◆ WORK INSTRUCTIONS
The reply must consist of the complete listing, reproduced exactly, with no images included.

◆ PROVIDED DATA
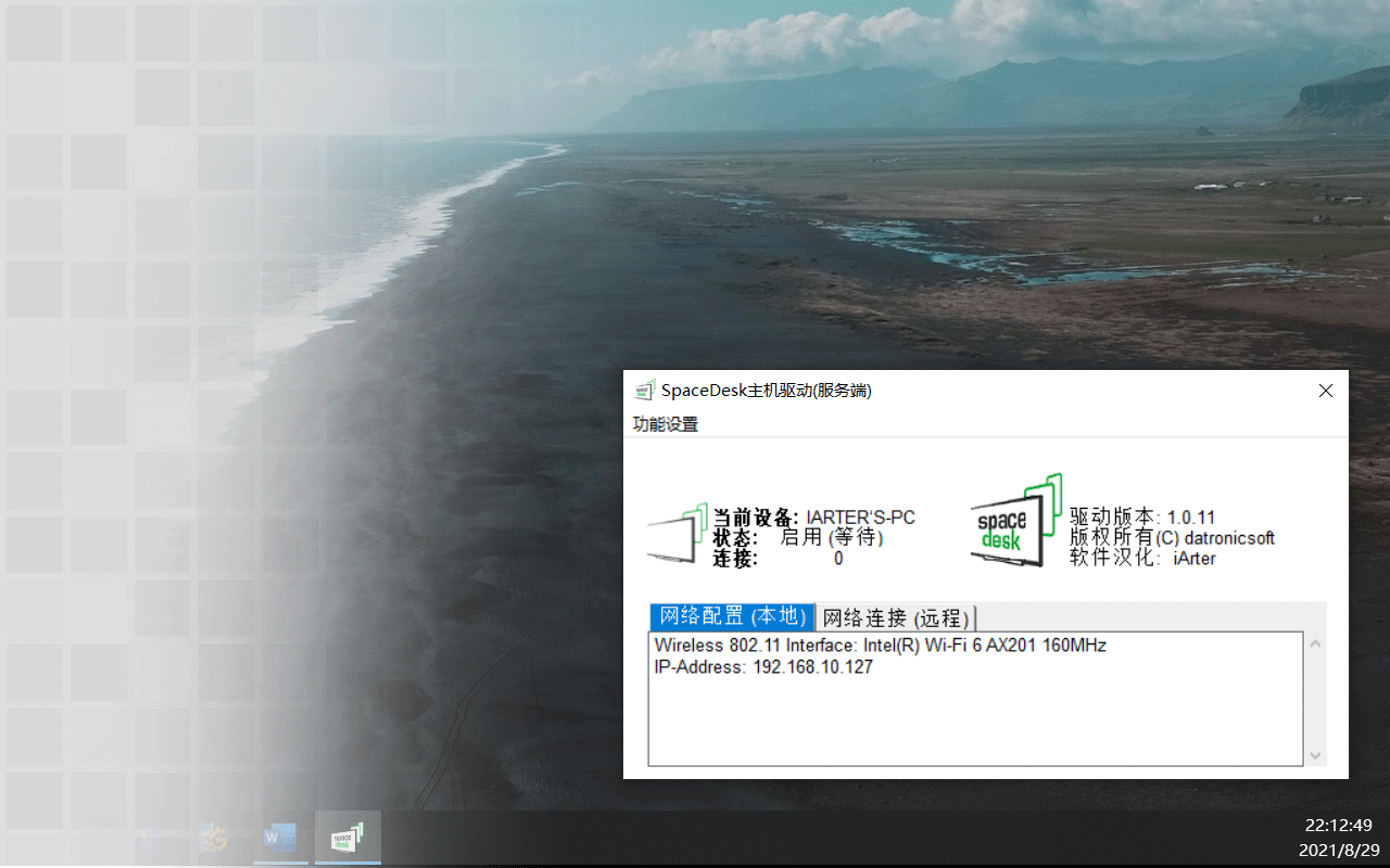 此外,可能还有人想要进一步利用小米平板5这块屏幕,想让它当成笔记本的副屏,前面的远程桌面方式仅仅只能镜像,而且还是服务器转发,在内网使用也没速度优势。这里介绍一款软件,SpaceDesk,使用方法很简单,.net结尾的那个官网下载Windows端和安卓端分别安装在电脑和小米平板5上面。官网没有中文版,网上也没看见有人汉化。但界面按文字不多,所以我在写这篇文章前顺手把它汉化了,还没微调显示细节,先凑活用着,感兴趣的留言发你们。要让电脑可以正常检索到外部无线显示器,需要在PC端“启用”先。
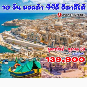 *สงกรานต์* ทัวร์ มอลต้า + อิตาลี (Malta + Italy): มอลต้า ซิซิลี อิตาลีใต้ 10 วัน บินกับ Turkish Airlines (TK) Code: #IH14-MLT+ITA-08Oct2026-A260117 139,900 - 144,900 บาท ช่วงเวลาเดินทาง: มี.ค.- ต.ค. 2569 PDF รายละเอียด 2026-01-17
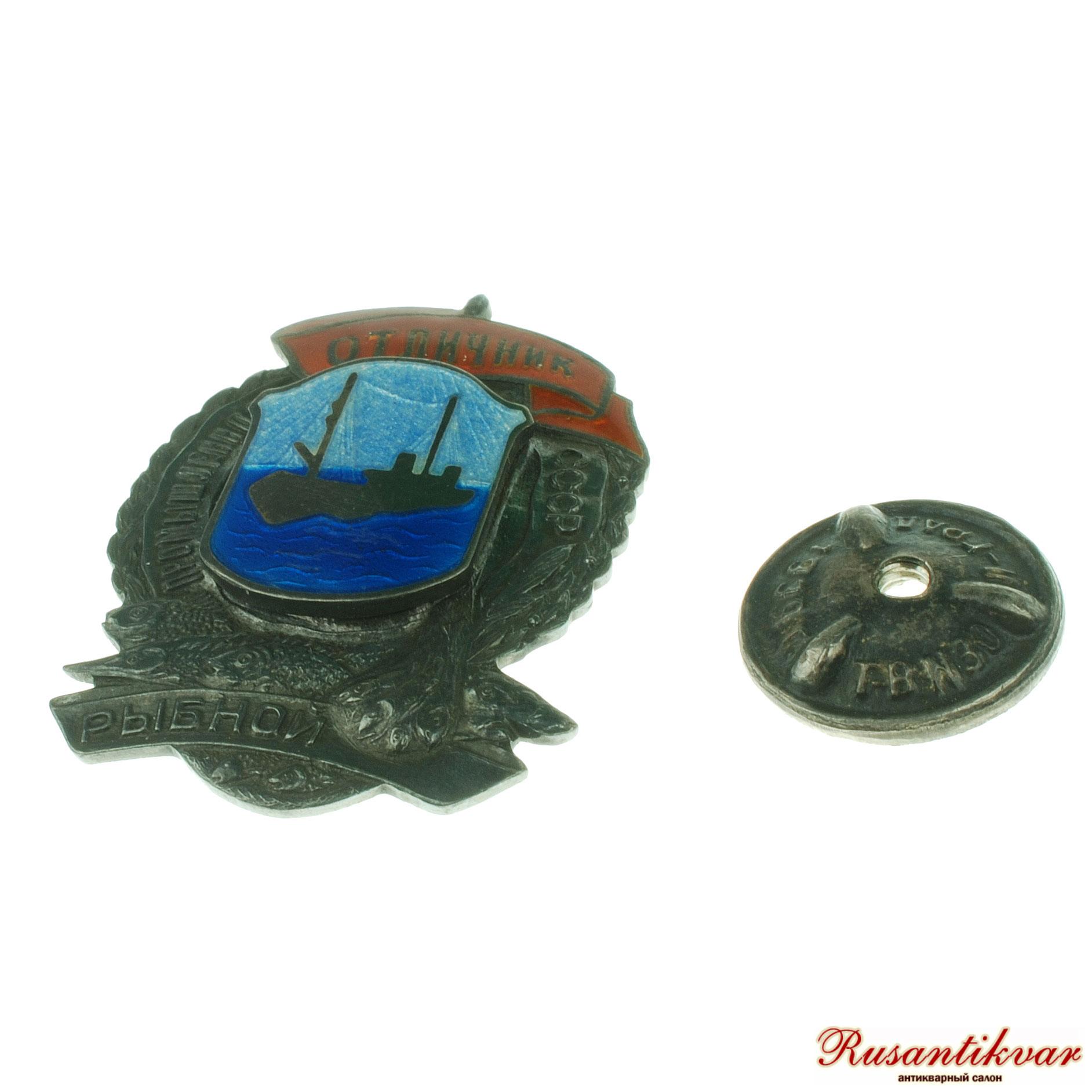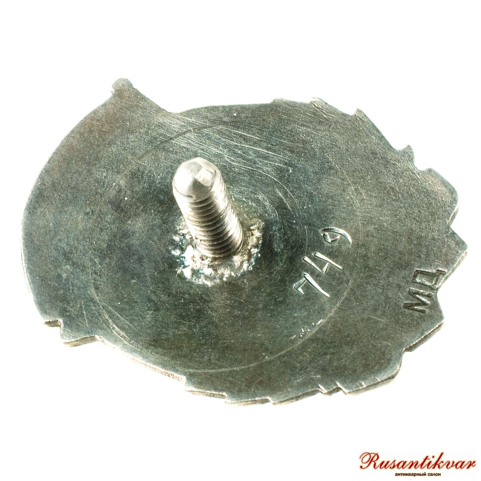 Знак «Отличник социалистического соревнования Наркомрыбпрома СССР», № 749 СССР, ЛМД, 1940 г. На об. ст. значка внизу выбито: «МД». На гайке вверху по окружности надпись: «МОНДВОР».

◆ RESPONSE BOX
 此外,可能还有人想要进一步利用小米平板5这块屏幕,想让它当成笔记本的副屏,前面的远程桌面方式仅仅只能镜像,而且还是服务器转发,在内网使用也没速度优势。这里介绍一款软件,SpaceDesk,使用方法很简单,.net结尾的那个官网下载Windows端和安卓端分别安装在电脑和小米平板5上面。官网没有中文版,网上也没看见有人汉化。但界面按文字不多,所以我在写这篇文章前顺手把它汉化了,还没微调显示细节,先凑活用着,感兴趣的留言发你们。要让电脑可以正常检索到外部无线显示器,需要在PC端“启用”先。
 *สงกรานต์* ทัวร์ มอลต้า + อิตาลี (Malta + Italy): มอลต้า ซิซิลี อิตาลีใต้ 10 วัน บินกับ Turkish Airlines (TK) Code: #IH14-MLT+ITA-08Oct2026-A260117 139,900 - 144,900 บาท ช่วงเวลาเดินทาง: มี.ค.- ต.ค. 2569 PDF รายละเอียด 2026-01-17
 Знак «Отличник социалистического соревнования Наркомрыбпрома СССР», № 749 СССР, ЛМД, 1940 г. На об. ст. значка внизу выбито: «МД». На гайке вверху по окружности надпись: «МОНДВОР».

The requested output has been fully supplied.